Information supplied:

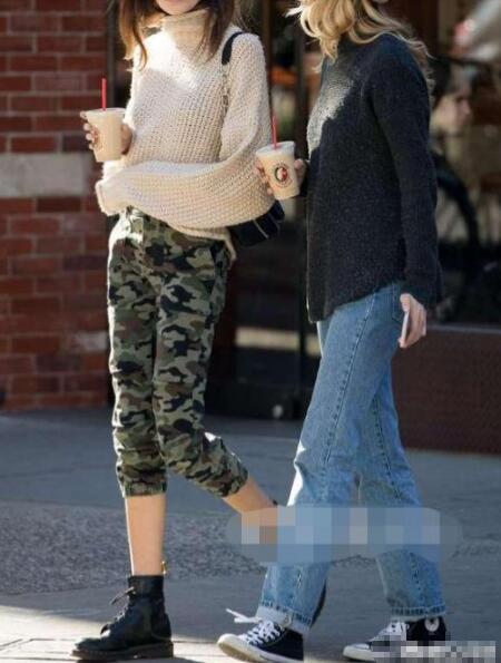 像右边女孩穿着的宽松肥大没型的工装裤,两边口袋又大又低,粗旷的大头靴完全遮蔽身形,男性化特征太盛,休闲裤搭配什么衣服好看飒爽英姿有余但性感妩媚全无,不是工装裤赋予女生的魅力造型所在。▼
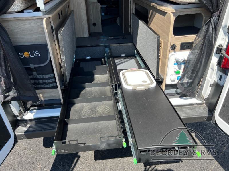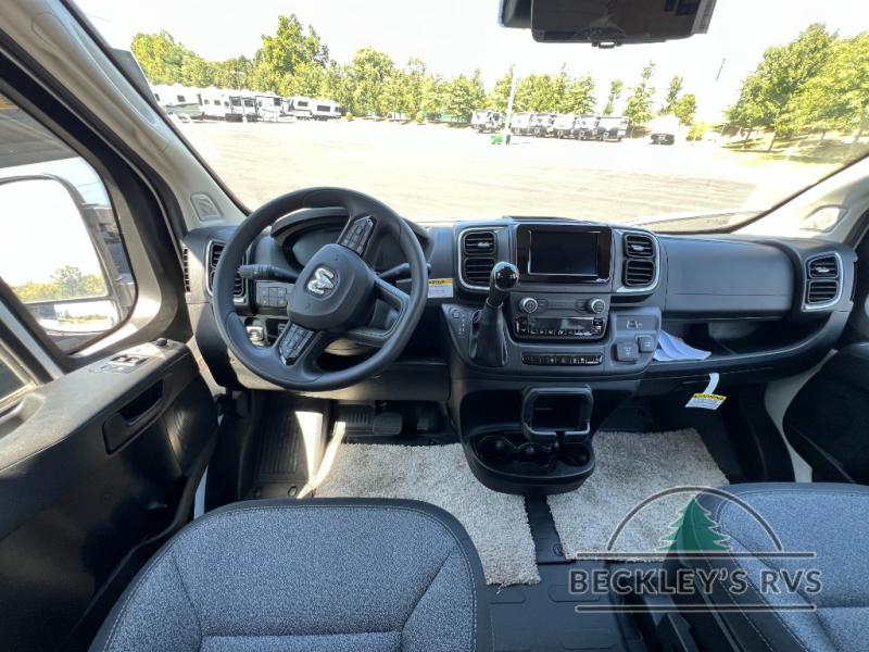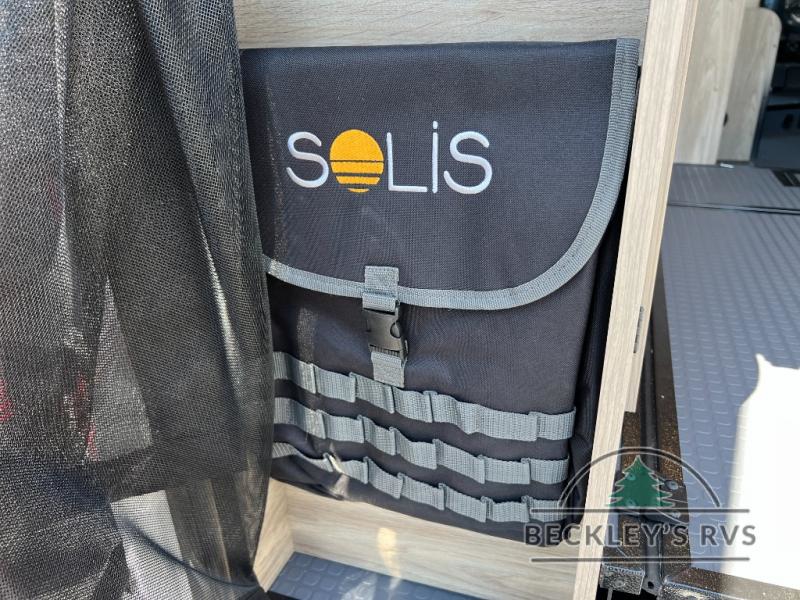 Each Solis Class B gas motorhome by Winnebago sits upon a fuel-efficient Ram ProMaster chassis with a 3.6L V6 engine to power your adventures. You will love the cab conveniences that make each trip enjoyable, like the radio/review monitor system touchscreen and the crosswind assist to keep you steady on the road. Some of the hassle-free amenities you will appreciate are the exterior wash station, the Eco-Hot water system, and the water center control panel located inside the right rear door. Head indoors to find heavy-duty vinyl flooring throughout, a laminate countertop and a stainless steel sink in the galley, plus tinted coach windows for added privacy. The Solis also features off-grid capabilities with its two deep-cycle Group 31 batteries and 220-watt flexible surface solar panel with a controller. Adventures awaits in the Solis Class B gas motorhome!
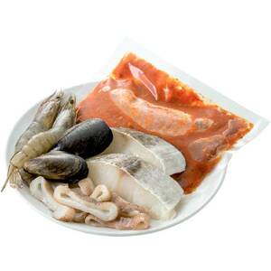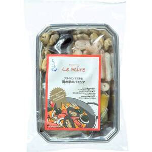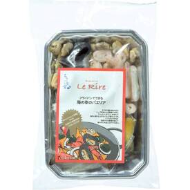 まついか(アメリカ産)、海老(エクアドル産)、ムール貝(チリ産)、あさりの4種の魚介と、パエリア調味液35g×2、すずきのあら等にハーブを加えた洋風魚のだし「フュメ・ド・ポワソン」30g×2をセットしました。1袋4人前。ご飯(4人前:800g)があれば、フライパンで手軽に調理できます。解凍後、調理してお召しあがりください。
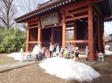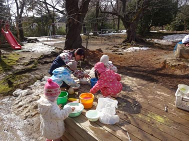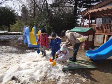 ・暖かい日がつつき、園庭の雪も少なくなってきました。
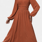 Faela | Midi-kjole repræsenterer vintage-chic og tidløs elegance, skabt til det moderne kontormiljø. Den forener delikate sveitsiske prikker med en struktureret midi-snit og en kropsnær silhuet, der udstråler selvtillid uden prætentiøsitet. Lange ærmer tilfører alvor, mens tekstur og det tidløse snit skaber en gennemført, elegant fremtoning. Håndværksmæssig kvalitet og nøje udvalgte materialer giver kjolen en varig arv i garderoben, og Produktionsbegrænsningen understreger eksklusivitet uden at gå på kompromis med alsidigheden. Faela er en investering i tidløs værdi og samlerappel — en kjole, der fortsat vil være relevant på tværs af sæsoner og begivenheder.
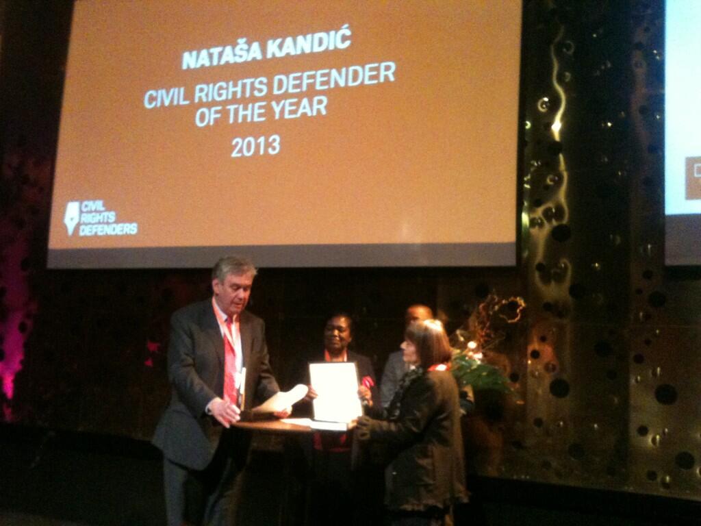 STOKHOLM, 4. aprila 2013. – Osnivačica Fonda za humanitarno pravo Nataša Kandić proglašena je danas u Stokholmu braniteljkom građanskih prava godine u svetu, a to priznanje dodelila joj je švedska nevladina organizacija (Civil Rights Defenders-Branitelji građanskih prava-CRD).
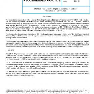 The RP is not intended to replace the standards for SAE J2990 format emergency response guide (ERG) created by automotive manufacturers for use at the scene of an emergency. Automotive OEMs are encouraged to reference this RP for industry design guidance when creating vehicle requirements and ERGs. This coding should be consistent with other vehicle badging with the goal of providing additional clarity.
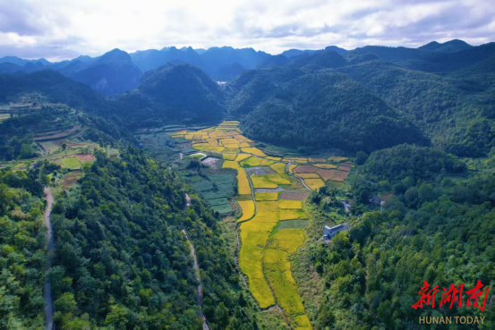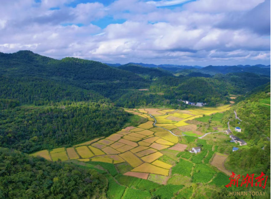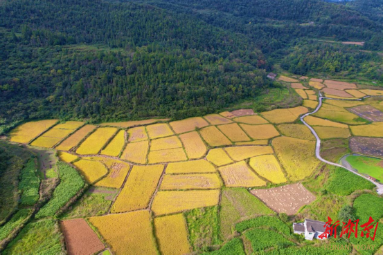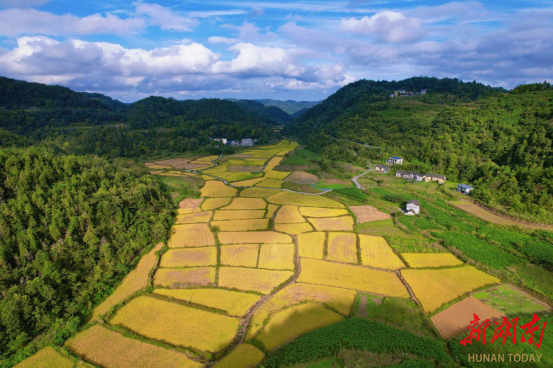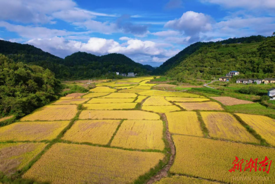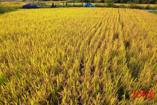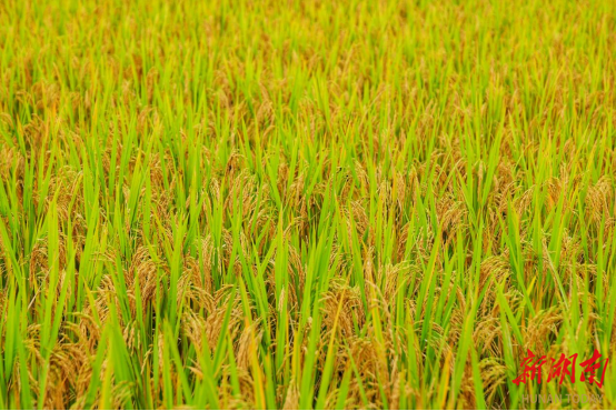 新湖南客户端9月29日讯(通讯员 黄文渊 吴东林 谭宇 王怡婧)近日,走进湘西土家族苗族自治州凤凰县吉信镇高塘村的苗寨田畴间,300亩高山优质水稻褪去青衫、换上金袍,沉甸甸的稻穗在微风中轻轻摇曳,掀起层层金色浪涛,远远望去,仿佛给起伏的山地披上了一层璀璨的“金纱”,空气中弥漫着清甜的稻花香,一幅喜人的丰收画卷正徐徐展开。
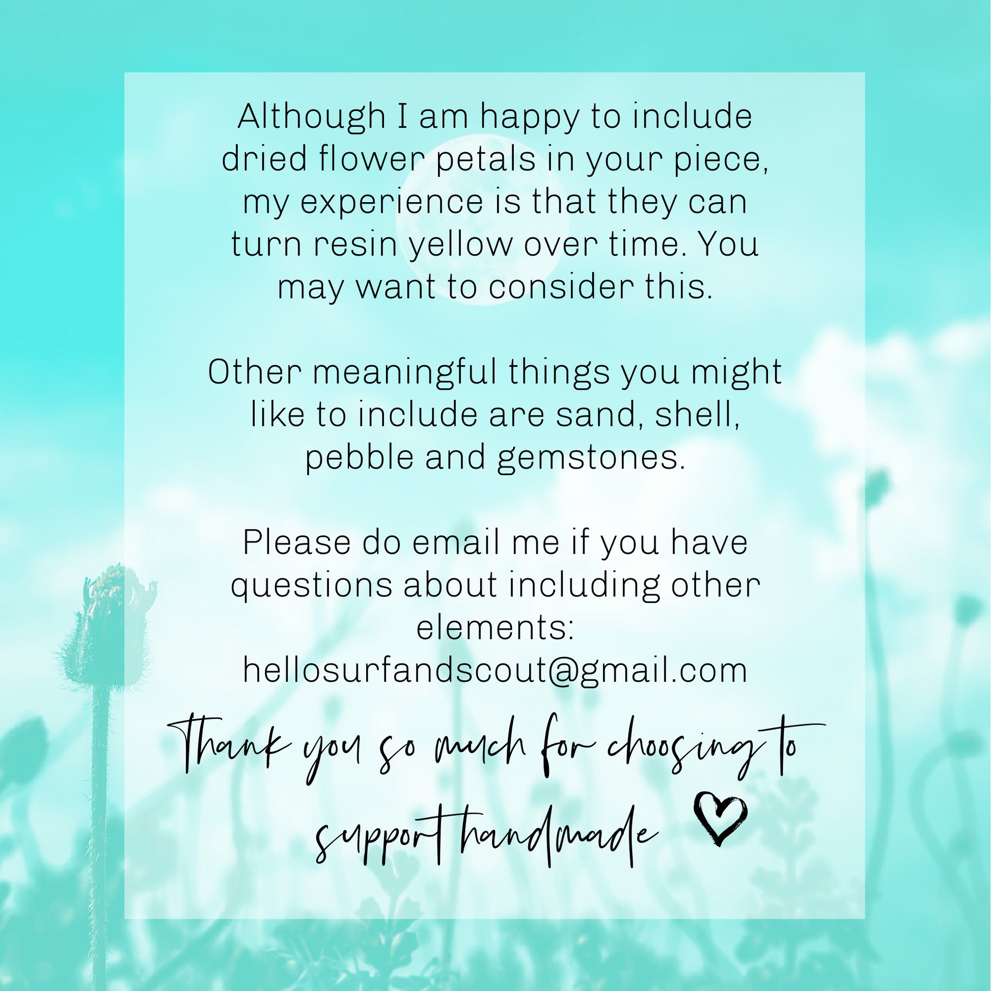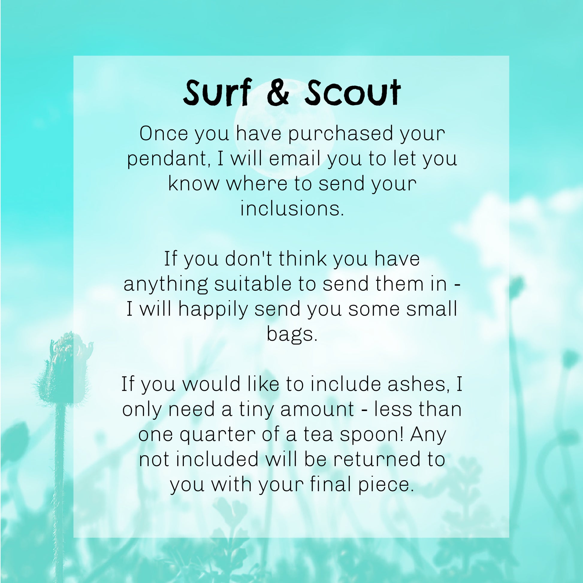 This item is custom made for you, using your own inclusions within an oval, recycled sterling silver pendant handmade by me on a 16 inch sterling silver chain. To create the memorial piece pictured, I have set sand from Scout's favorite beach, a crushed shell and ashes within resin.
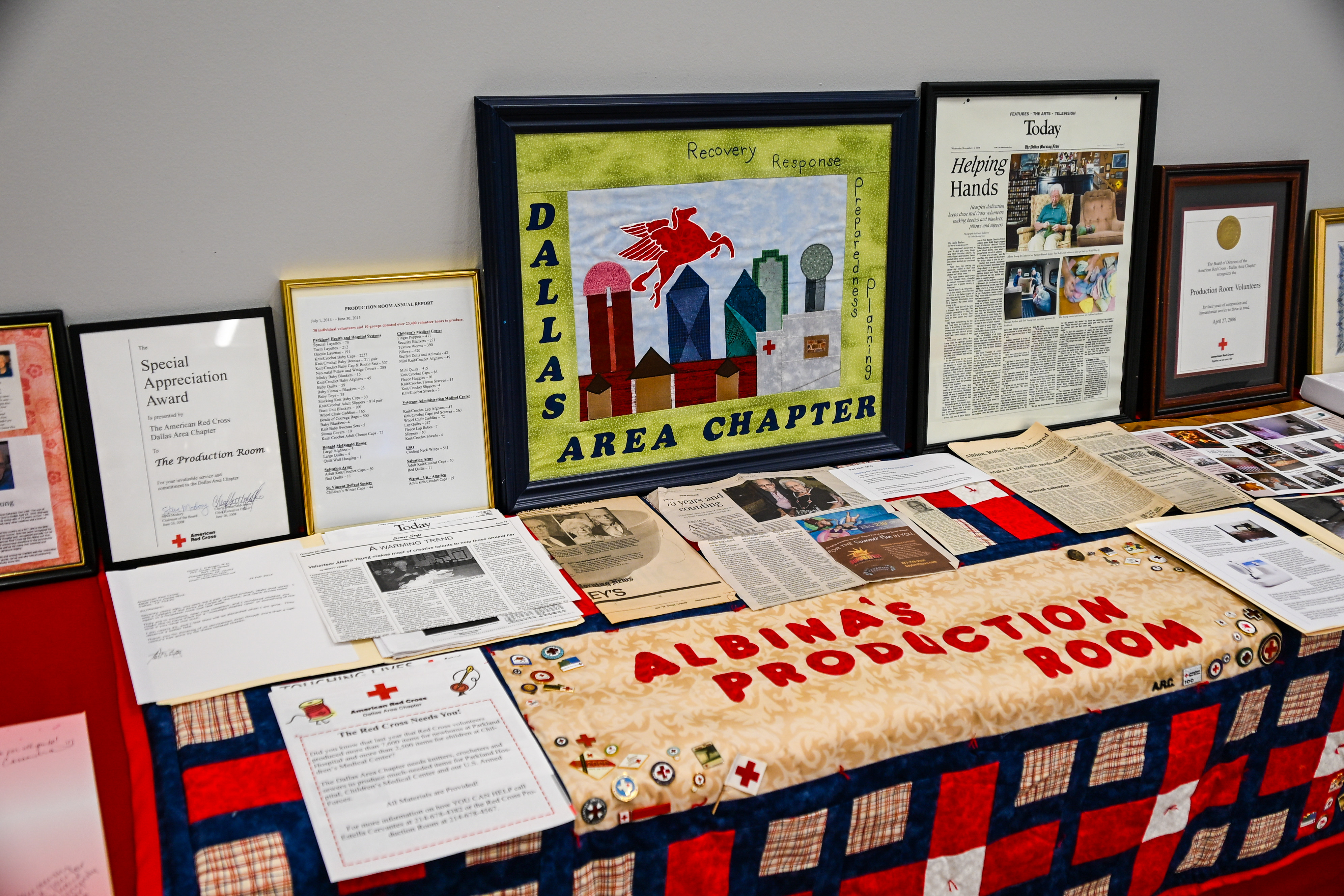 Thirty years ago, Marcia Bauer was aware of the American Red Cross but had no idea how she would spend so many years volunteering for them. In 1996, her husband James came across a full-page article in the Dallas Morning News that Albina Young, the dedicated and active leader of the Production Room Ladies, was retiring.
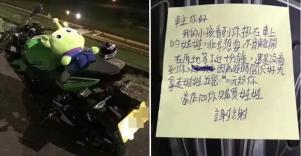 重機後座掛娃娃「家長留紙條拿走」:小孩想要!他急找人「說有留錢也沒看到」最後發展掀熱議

What is expected: Reproduce, exactly and only, the lines of the records above starting at the line with "Faela | Midi-kjole" and ending at the line with "This item is", both included. Leave every picture out.

Exercise answer:
 Faela | Midi-kjole repræsenterer vintage-chic og tidløs elegance, skabt til det moderne kontormiljø. Den forener delikate sveitsiske prikker med en struktureret midi-snit og en kropsnær silhuet, der udstråler selvtillid uden prætentiøsitet. Lange ærmer tilfører alvor, mens tekstur og det tidløse snit skaber en gennemført, elegant fremtoning. Håndværksmæssig kvalitet og nøje udvalgte materialer giver kjolen en varig arv i garderoben, og Produktionsbegrænsningen understreger eksklusivitet uden at gå på kompromis med alsidigheden. Faela er en investering i tidløs værdi og samlerappel — en kjole, der fortsat vil være relevant på tværs af sæsoner og begivenheder.
 STOKHOLM, 4. aprila 2013. – Osnivačica Fonda za humanitarno pravo Nataša Kandić proglašena je danas u Stokholmu braniteljkom građanskih prava godine u svetu, a to priznanje dodelila joj je švedska nevladina organizacija (Civil Rights Defenders-Branitelji građanskih prava-CRD).
 The RP is not intended to replace the standards for SAE J2990 format emergency response guide (ERG) created by automotive manufacturers for use at the scene of an emergency. Automotive OEMs are encouraged to reference this RP for industry design guidance when creating vehicle requirements and ERGs. This coding should be consistent with other vehicle badging with the goal of providing additional clarity.
 新湖南客户端9月29日讯(通讯员 黄文渊 吴东林 谭宇 王怡婧)近日,走进湘西土家族苗族自治州凤凰县吉信镇高塘村的苗寨田畴间,300亩高山优质水稻褪去青衫、换上金袍,沉甸甸的稻穗在微风中轻轻摇曳,掀起层层金色浪涛,远远望去,仿佛给起伏的山地披上了一层璀璨的“金纱”,空气中弥漫着清甜的稻花香,一幅喜人的丰收画卷正徐徐展开。
 This item is custom made for you, using your own inclusions within an oval, recycled sterling silver pendant handmade by me on a 16 inch sterling silver chain. To create the memorial piece pictured, I have set sand from Scout's favorite beach, a crushed shell and ashes within resin.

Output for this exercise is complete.